Introduction into Africa of some Songola food plants | ||
Plants | Older date | Origin or region/diffusion route |
Rice | ≈ 700 | Coasts of Eastern Africa. Trade routes with India and the Arab world. |
Maize | ≈1550 | Royaume de Kongo (1591)[2] |
Cassava | ≈ 1600 | North Loango Coast (1611-1612)[3] |
Plantain bananas (Musa AAB) | ≈ 1000 BC | Asian cultivar package with taro (Colocasia esculenta (L.) Schott) & water-yam (Dioscorea alata L.) coming from Asia to Central and West Africa (Blench 2009, 376). |
Oil palms (Elaeis guineensis JACQ.) | ≈ 2000 BC | Part of the agricultural package of the Bantu-speaking peoples in the Central Africa forest. Very ancient food use thought to have been brought from the today Cameroon around 2000 BC. |
The Songola call all the alcoholic beverages malu, which has the following indigenous varieties: a) malu mi ibilà, fermented sap of oil palm (ibilà, Elaeis guineensis), b) malu mi jbôndô, fermented sap of Raphia palm (îbôndô, Raphia sp.), c) kuku, sugarcane juice fermented with 15 % volume of fermented palm sap as starter. Varieties a) and b) are called malu mi màânjj, (literally "liquor of water"). These palm wines are very popular whereas the sugarcane wine is no longer consumed. Beside these fermented beverages which can be categorized as wines, the Songola brew their beers with unhusked rice (mùfùngà), maize (ìsàngû), and cassava (môsôngy) depending on the available tubers or grain. These are often mixed together for the same brew, but not prepared with the same process.
Remarks :
- Of the 6 Songola sub-groups, 5 are slash-and-burn farmers. This technique is presented as archaic or reserved for the dense forest areas of the planet. However, it is the Songola and neighbouring peoples who have mastered one of the most sophisticated brewing techniques.

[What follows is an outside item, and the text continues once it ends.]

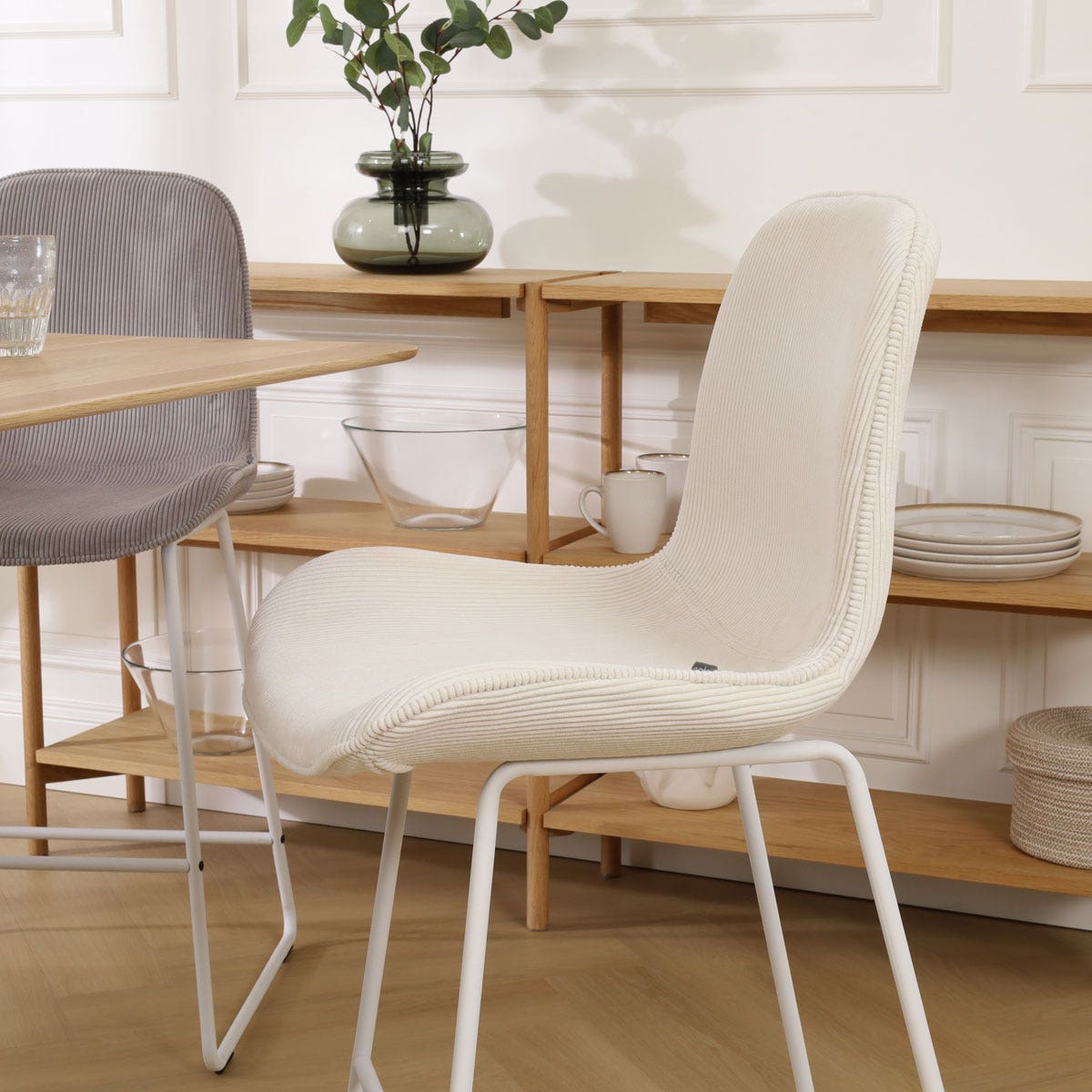 - De zachte stoffen bekleding zorgt voor een warme sfeer in de keuken

- Rice arrived in Central Africa around the 8th-9th centuries. Is the amylolytic ferment technique related to the new rice cultivation? Difficult to answer. Mrs Ankei tries to make some deductions based on the technical constraints of brewing beer. However, the historical data were lacking in the 1980s, and still are today.
- The history of these beers brewed with amylolytic ferments is non-existent. It is not known how old they are. The multiplicity of alcoholic beverages of the Songola (palm wines, beers, distilled spirits) attest to an elaborate technical tradition. However, amylolytic ferments could have been introduced from the east coast of Africa by people of Indian (not Japanese!) origin. Ankei argues for an African origin of this technique. She suggests that it originated on the east coast of Africa and was later adopted by the peoples of the Congolese forest (Ankei 1986, 45-46).

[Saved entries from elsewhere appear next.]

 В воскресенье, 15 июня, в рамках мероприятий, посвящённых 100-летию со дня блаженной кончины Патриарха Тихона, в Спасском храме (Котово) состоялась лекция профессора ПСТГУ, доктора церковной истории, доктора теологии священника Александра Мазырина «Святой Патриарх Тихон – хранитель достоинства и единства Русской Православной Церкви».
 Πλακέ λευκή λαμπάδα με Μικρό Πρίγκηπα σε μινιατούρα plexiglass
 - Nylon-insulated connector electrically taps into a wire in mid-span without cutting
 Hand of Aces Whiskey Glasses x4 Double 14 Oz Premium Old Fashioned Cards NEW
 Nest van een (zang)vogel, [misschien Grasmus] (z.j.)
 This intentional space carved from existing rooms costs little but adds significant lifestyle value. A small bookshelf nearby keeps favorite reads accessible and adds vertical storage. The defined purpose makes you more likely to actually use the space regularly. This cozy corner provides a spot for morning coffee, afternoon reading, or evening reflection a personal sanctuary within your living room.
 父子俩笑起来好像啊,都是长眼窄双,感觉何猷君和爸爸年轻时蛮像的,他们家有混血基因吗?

- The archaeological research on the birth of agricultural practices of the Bantu-speaking peoples will perhaps provide answers if the projects integrate the analysis of pottery, possible receptacles of fermented starch (Crowther & al. 2017).
[1] This type of beer brewing occurs in African regions where pastoralists and cultivators meet and where these specialised populations have to cooperate. For example the Peuls and the farmers along the Niger bassin, the northern herders and the southern farmers stretching between Darfur and Lake Chad, or the herders-farmers cooperating in inland territories from Kenya to Tanzania and most often defending from the slave-hunting undertaken by the swahili trading states.
[2] The earliest mention of maize in the Kongo kingdom, written by Pigafetta in 1591, relates the stay of Duarte Lopes between 1570 and 1583. An earlier Jesuit account from 1548 does not mention it (Vansina 1962 : 387) (Bahuchet, Philippson (1998), Les plantes d'origine américaine en Afrique bantoue. Une approche linguistique, 4).
[3] Around 1620, Bras Correa indicates that mandioca has been planted there as in Brazil 'for a few years'. Samuel Brun discovered cassava on the northern coast of Loango, in Mayomba (1611-1612).